What really affects reaction time?
A 2,178-measurement analysis of how gender, day of week, sleep, time of day and mood shape motor response in everyday users of umo. By Scott Mongold, PhD in Neuromechanics.
Abstract
Our 30-second phone-based test analyzed 2,178 measurements from 153 users. Five dimensions — gender, weekday, sleep, time of day and mood — each shifted reaction time by margins large enough to matter for athlete readiness decisions.
Finding 01: Gender differences
Men are 11 ms faster than women on average
390 ms vs. 402 ms across self-reported gender.
Finding 02: Day of the week
Wednesday is the slowest day of the week
Wed (+9 ms vs. Mon), Fri (+7 ms), and Sun (+7 ms) are the slowest.
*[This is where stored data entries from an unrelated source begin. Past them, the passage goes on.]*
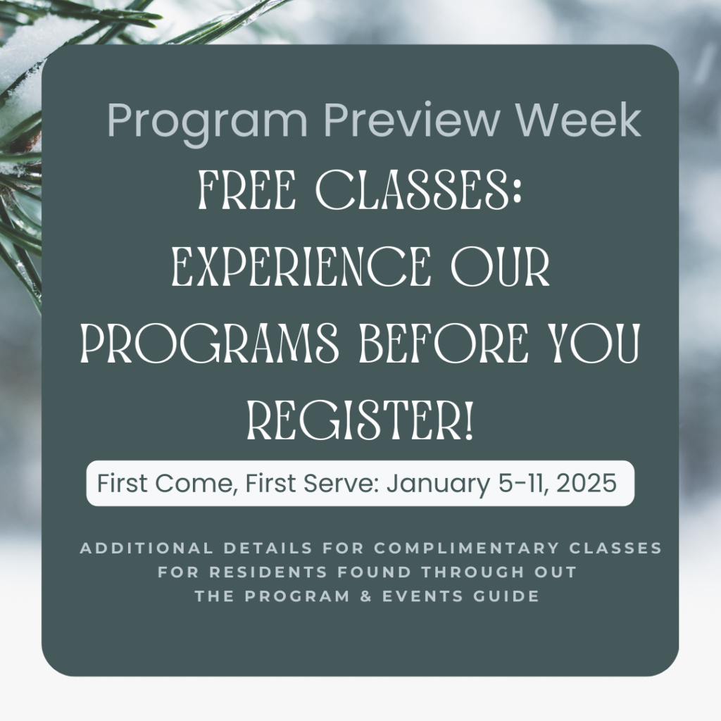 Details for complimentary classes for residents can be found throughout the Program & Events Guide.
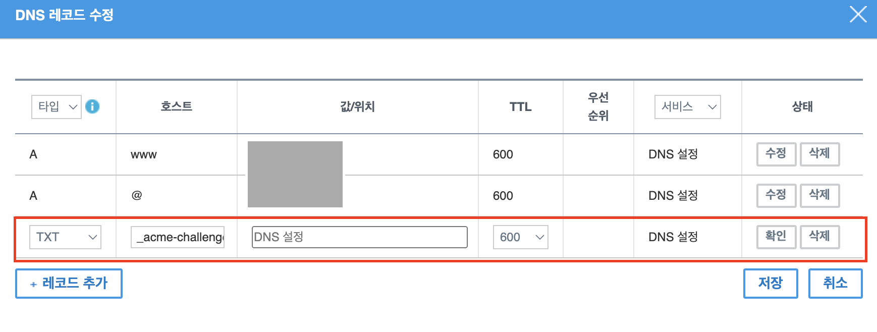 위에서 나온 코드 값을 DNS 설정에서 레코드 추가해준다.
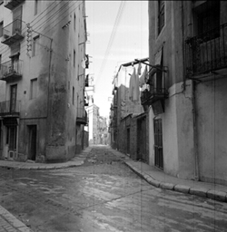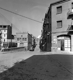 "Inici del Carrer de Sant Carles, a la vora del Pla dels Gramàtics, amb el mercat del Pla a la dreta"
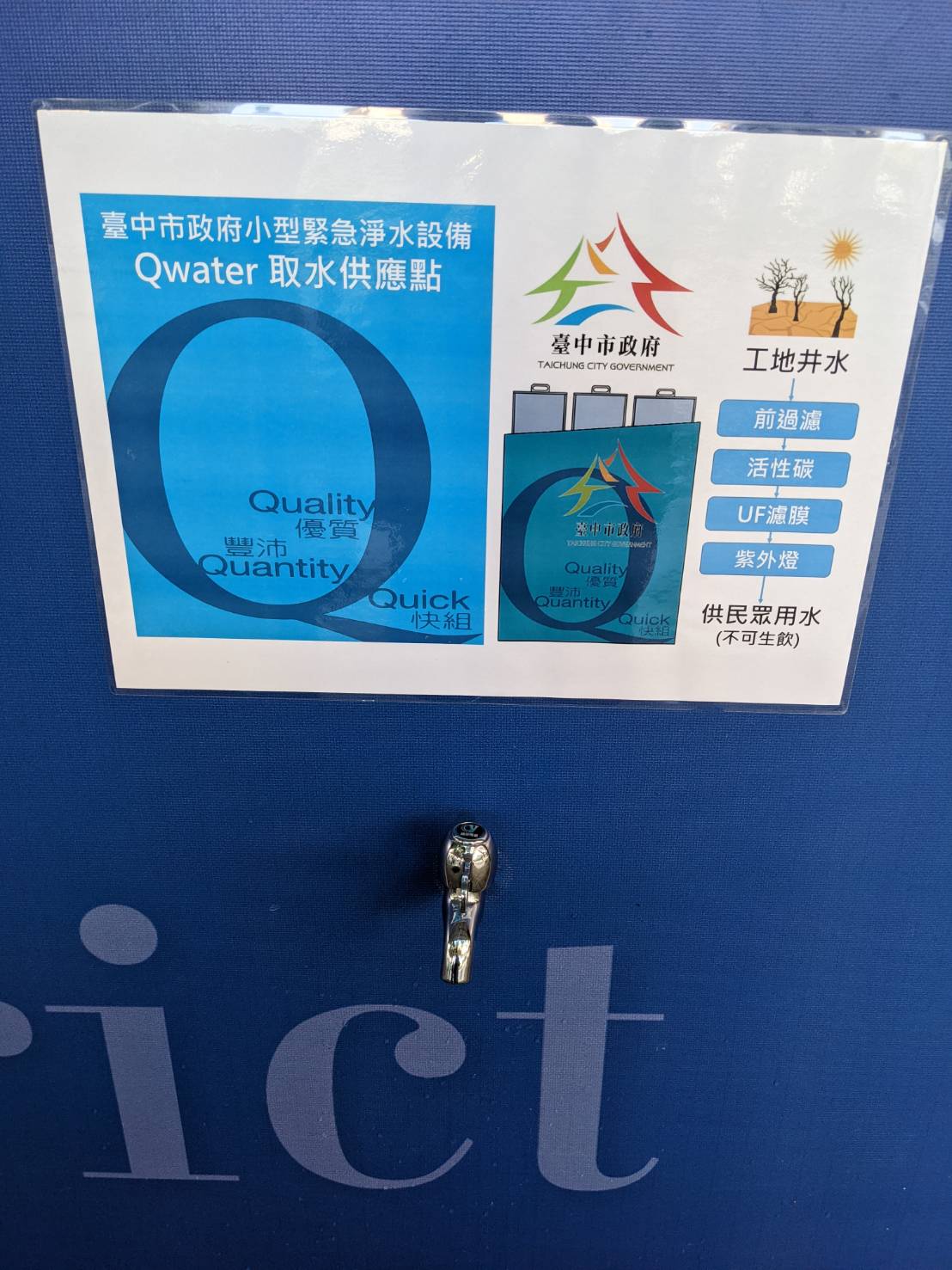 水利局表示,第1部小型移動式淨水設備已設置於本市南屯區文心南路及文心南五路交叉口的「文心愛悅」建築工地,在市府都市發展局協調下,建築工地起造人(興富發建設股份有限公司)很願意基於公益並善盡企業社會責,全額支付設備運轉所產生的電費,另外為維護民眾取水時安全及便利,取水口設置於文心南路人行道處,每日可產出約15噸的民生用水,其水質為飲用水標準,但飲用前請先煮沸,不可直接生飲,同時也呼籲民眾節約用水。

Finding 03: The sleep "Goldilocks" zone
7–9 hours of sleep is the optimal window
≤7h: +4.9 ms slower · 9+h: +8.8 ms slower vs. the optimal range.
Finding 04: Time of day
Reaction time is most reliable between 6–9 AM
Performance fluctuates throughout the day, with early morning showing the tightest variance.
Finding 05: Mood matters
Going from a bad to a good mood improves reaction time by 17 ms
Subjective wellness is a critical piece of performance prediction.
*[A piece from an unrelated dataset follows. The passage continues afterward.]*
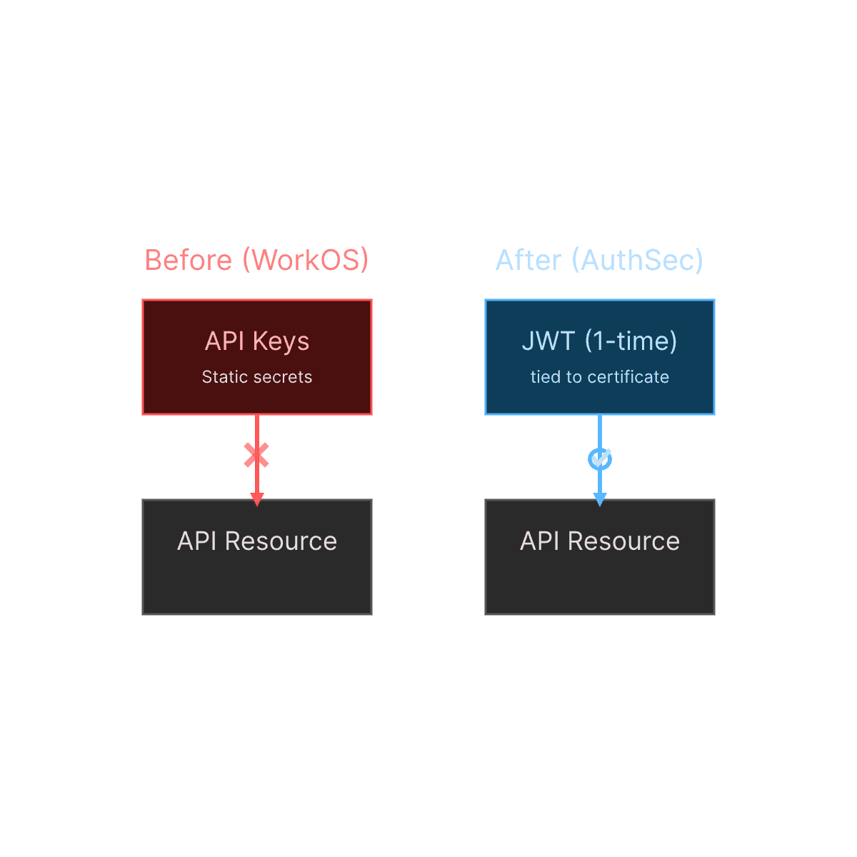 AuthSec eliminates API keys entirely. Each request is verified through a short-lived, one-time JWT tied to a workload certificate.
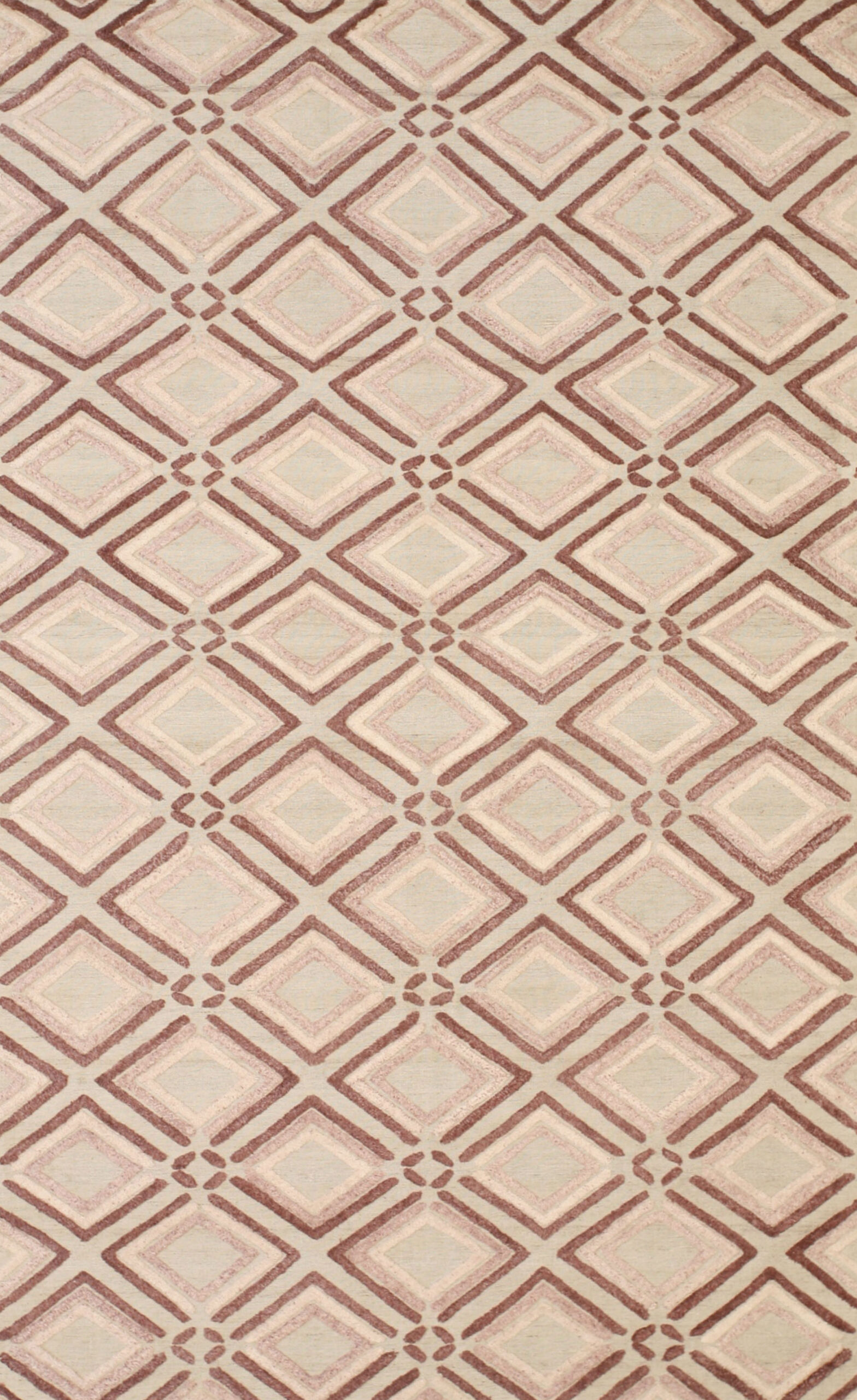 The structure of the design relies on layered diamonds, where inner shapes are lighter and outer lines are defined by a richer, deeper hue. This careful color graduation creates a subtle three-dimensional effect, giving the flat surface an appealing visual texture. The overall impression is one of quiet luxury and architectural precision, ideal for grounding a refined interior space.

Subjective wellness is a critical piece of performance prediction. — Scott Mongold, PhD in Neuromechanics, Finding 05
Study at a glance
- Sample size: 2,178 measurements
- Participants: 153 users
- Method: 30-second phone test
- Metric: Visual reaction time (ms)
- Dimensions: 5 (gender, weekday, sleep, time, mood)
NeuroScore vs. CMJ in volleyball
White Paper · Case Study 02. Evaluating jump mechanics against neural readiness scores to predict daily training quality across a competitive in-season block. By Scott Mongold, PhD in Neuromechanics.
Abstract
CMJ tells you how the legs are recovering. NeuroScore tells you how the nervous system is firing. We tested whether a 30-second phone-based reading can stand in for a force plate when daily CMJ isn't realistic.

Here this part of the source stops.